====== DATA BLOCK

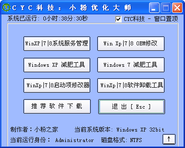 小粉优化大师官方版是一款界面精美的系统优化软件。小粉优化大师官方版通过本软件能进行winxp减肥、win7减肥、winxp/7/8/启动项的修改,更多功能欢迎下载使用。
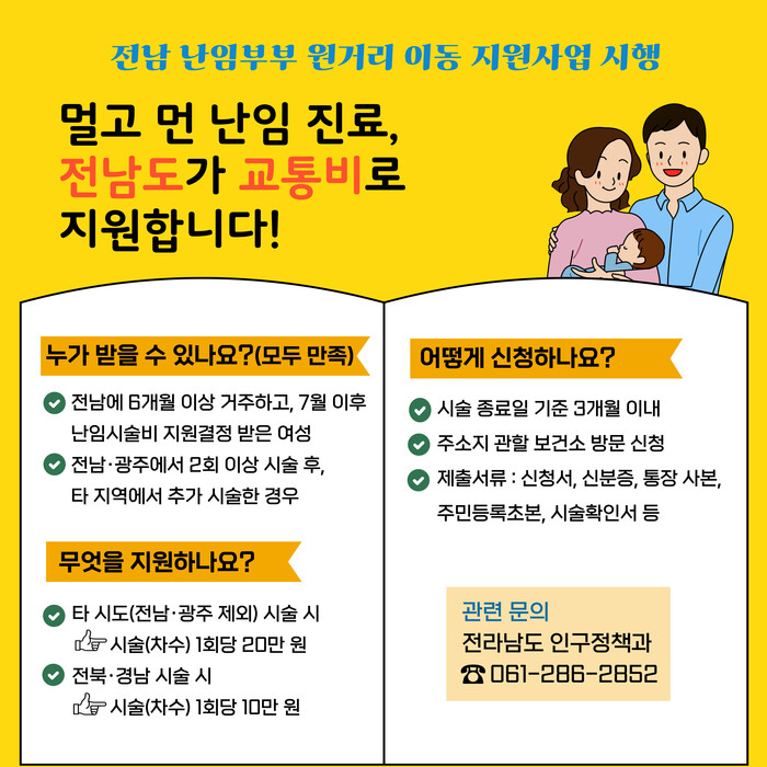 사업은 전남지역에서 시술에 실패해 불가피하게 타 시ㆍ도 의료기관에서 시술받은 경우 시술 차수 1회당 교통비를 전북ㆍ경남 지역은 10만원, 그 외 지역은 20만원을 지원한다.
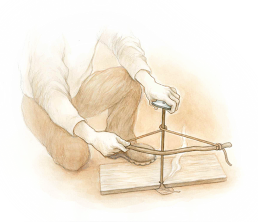 自作の手間を軽減するとともに、押さえの摩擦抵抗が格段に少なくなるため、火おこしが楽になります。

============

## [WORK INSTRUCTIONS]
The response should restate the material above word for word and contain no pictures.

## [RESPONSE]
 小粉优化大师官方版是一款界面精美的系统优化软件。小粉优化大师官方版通过本软件能进行winxp减肥、win7减肥、winxp/7/8/启动项的修改,更多功能欢迎下载使用。
 사업은 전남지역에서 시술에 실패해 불가피하게 타 시ㆍ도 의료기관에서 시술받은 경우 시술 차수 1회당 교통비를 전북ㆍ경남 지역은 10만원, 그 외 지역은 20만원을 지원한다.
 自作の手間を軽減するとともに、押さえの摩擦抵抗が格段に少なくなるため、火おこしが楽になります。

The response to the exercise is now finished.